G: That lack of context, in your opinion what is the context missing when we talk about the Iraq war?

Fisk: The historical background. Britain invaded Iraq in 1917. It issued a proclamation saying it had come to liberate the people from generations of tyranny. An insurgency started against the British. We shelled Fallujah. We claimed that terrorists were crossing the border from Syria. This is in 1920. Loyd George stood up-this is the British Prime Minister in the 1920s-in the House of Commons and said if we leave Iraq there will be civil war. That would have helped us plot out a 2003 invasion, to have a little bit of an idea of what might happen, but we didn’t care. We didn’t read it.

It isn’t a question of just not reading history, it’s a question of if you’re interested in people. If you really want to give them freedom and democracy-and I don’t think we do-maybe you should find out a little bit about them and how they respond to our wish to give them all these gifts.

I think Arabs in general would like a bit of democracy, after all, the dictators who rule them generally have been supported by us, and they’d like a few packets of human rights from our western supermarket shelves. But I think they also want another kind of freedom, I think they want freedom from us–and that we are not intending to give them.

G: That notion of democracy, but only if you vote what we believe is right, isn’t that happening in Palestine?

Fisk: The Palestinians voted for the wrong people didn’t they? Remember [George W.] Bush said we need new Palestinian leaders, we need elections. So we got elections and new Palestinian leaders, and bingo, they want to bring down the government because it’s not the right kind. They tried to do the same in Venezuela-it’s not just the Middle East this is happening in. And the European Union is lickspittle going along with this.

You know, I don’t like Hamas very much, but the people voted for Hamas, which of course convinces the Arabs that we don’t want democracy in the Middle East, and they’re right. We don’t want democracy in the Middle East. We want local dictators who will do what we want.

G: How would you respond to critics who say the Americans pulling out [of Iraq] is going to cause more chaos than them so-called “staying the course.”

Fisk: That’s what Loyd George said in 1920. Why? Why? What is the theory, that the Iraqis are animals and will all tear each other to pieces if we leave? They didn’t do this before we came. Iraq is not a sectarian society, it is a tribal society. Many Iraqis are intermarried. You know we keep printing this bloody map. At the bottom we show Shiites, with Sunnis in the middle and Kurds at the top. It’s a very racist thing to do. It doesn’t actually represent the way things are in Iraq anyway. Since when do you print maps of Vancouver saying “Chinese area,” “Black area.” You wouldn’t do that.

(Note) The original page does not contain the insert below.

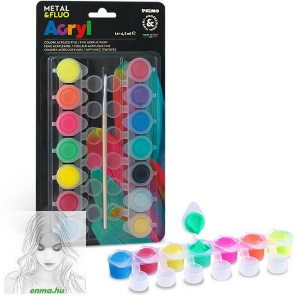 A Primo 1612T14Fm akrilfesték készlet 14 féle színnel, köztük 12 alapszínnel, fluoreszkáló és fémes árnyalatokkal, melyekkel könnyedén és kreatívan alkothatunk. A készlet kiváló minőségű, tartós és könnyen kezelhető festékei garantálják a professzionális eredményt. Az Akrilfesték Primo 1612T14Fm 14Db-Os Készlet 12+Fluo+Metallic 14X4,5 Ml egy kiváló minőségű, s
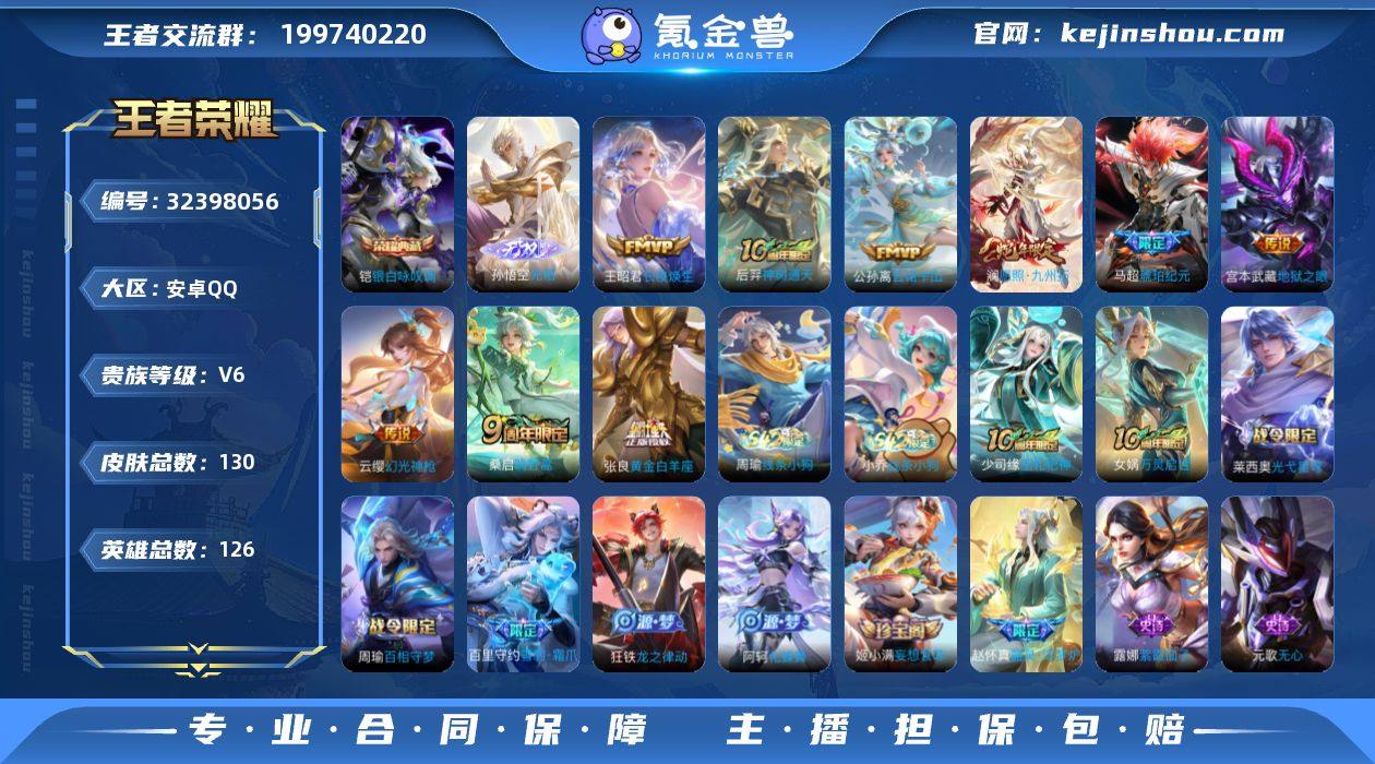 【XY788】贵族6/皮肤130/典藏1/传说9/史诗36/英雄126/敖隐全皮/银白咏叹调/无相/长夜焕生/神树通天/云诺千山/愿照·九州拓/幻光神枪/鸣野蒿/琥珀纪元马超/黄金白羊座/地狱之眼/蔡文姬夏日便利店/阴阳师/皇家上将/无心/魔术师/海滩派对/云中旅人(s29)/五谷丰年/大漠名商(s28)/擒涛扼浪(s31)/探海日志(s32)/海盐诗旅(s30)/古海寻踪(s33)/鬼谷子天穹祈灯(S34)/妄想食味/苍威无极/噬灭天穹(s37)/谧流熔炉/虚灵犬护/荣光之誓/茶境仙/访茗客/百相守梦-周瑜/百相守梦-孙策/光弋星穹/往忆晖光/线条小狗-周瑜/线条小狗-小乔/巫礼祀神/万灵启世/雪豹·霜爪/龙之律动/化蝶舞/器灵·浮梦炉/暗渊魔法/天秀·启明/无限星赏官/鹰眼统帅/节奏热浪/星夜王子/功夫厨神/暗隐猎兽者/水晶猎龙者/乱世虎臣/末日机甲-吕布/千年之狐/幽灵船长/龙骑士/魅力维加斯/水果甜心/偶像歌手/圣诞恋歌/未来纪元-赵云/紫霞仙子/班班快跑/线条小狗-妲己/线条小狗-桑启/糖果风暴/溯影追猎/极光幻客/鹤鸣心笺/命运加冕/布丁狗之约/灵野札记/春野闲踪/浪漫序章/玫蓝誓约/景韶洛都/星梦巡礼/雪境奇遇-西施/铁骨偃魂/苍林狼骑/逐霄战戟/雾都夜雨/时空谍影/太极少年/牛运亨通/危途狂花/唤灵魔甲/丁香结/虹云星官/掌控之力/纽...

But to produce these endless maps of the Middle East countries with big arrows pointing Sunnis here, Kurds here, when most of these people before we arrived didn’t think in these terms. We encourage them to recognize their differences. We create governments there that are perfectly worked out on sectarian grounds. We don’t do that in our own countries. You don’t go around Canada saying we’re going to have a Catholic party, we’re going to have a Protestant party, we’re going to have a Muslim party.

But, once we move ourselves into the Middle East, we play sectarianism with people, and that’s this whole line: “If the Americans leave there’s going to be civil war.” I mean, they’ve got absolute chaos and anarchy right now, with thousands of Iraqis dying, and they still tell us it’s better to stay. Where does this wisdom come from that if we go there will be chaos? We, the civilizing power, will leave the place to the animals, who will tear each other to bits afterwards. I don’t believe it.

G: How apt is the Vietnam comparison and where do you see it ending?

Fisk: Well, everyone’s talking about My Lai because of Haditha, aren’t they? I don’t generally go along with these specific parallels. You can talk about the British in Northern Ireland or in Kenya, or Americans in the Philippines more than a hundred years ago. All guerilla wars are different, but what is in common is that if you go and occupy somebody else’s land-especially if they’re of a different society, culture, religion-you are going to get really badly thumped. And that’s what’s happening.